───── Recorded information

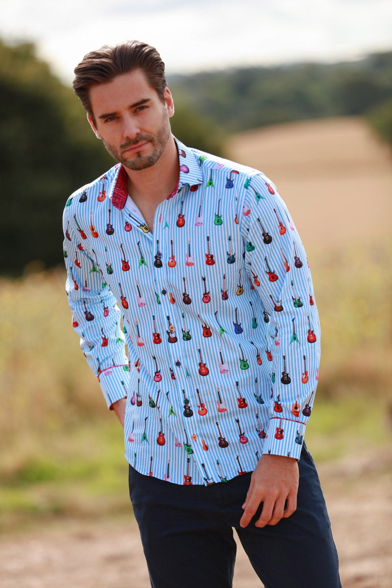 Elevate your style with the Stripe Guitar Print Shirt, available in blue, navy, and fuchsia. This shirt features a lively pattern of multicoloured guitars set against classic pinstripes, perfect for the music enthusiast or anyone who loves a bold, playful look. Crafted from premium materials, it offers a comfortable fit with a hint of stretch, making it versatile for both casual outings and stylish events. The vibrant print ensures you’ll stand out, while the quality construction guarantees lasting wear. Pair it with chinos or jeans for a fun, fashionable ensemble that resonates with your unique personality.
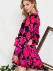 Floral Print Surplice Neck Long Sleeve Dress
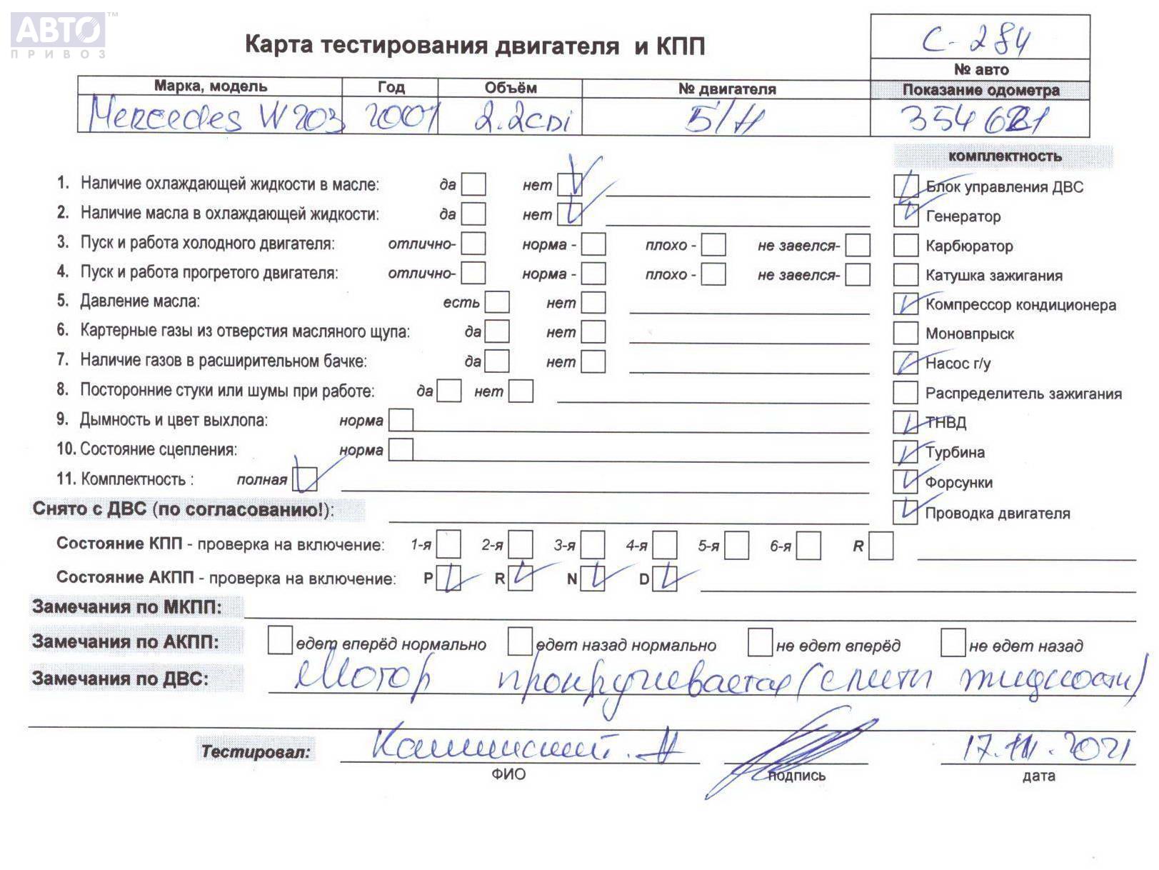 | Марка / Модель / Год: | Mercedes C-Class W203 (2000-2006) 2001 |

──────────

#### Work order
Exactly the lines running from the one with "Floral Print Surplice Neck Long Sleeve Dress" through the end of the listing above must be output, both ends included. No pictures belong in the output.

#### Output for this task
 Floral Print Surplice Neck Long Sleeve Dress
 | Марка / Модель / Год: | Mercedes C-Class W203 (2000-2006) 2001 |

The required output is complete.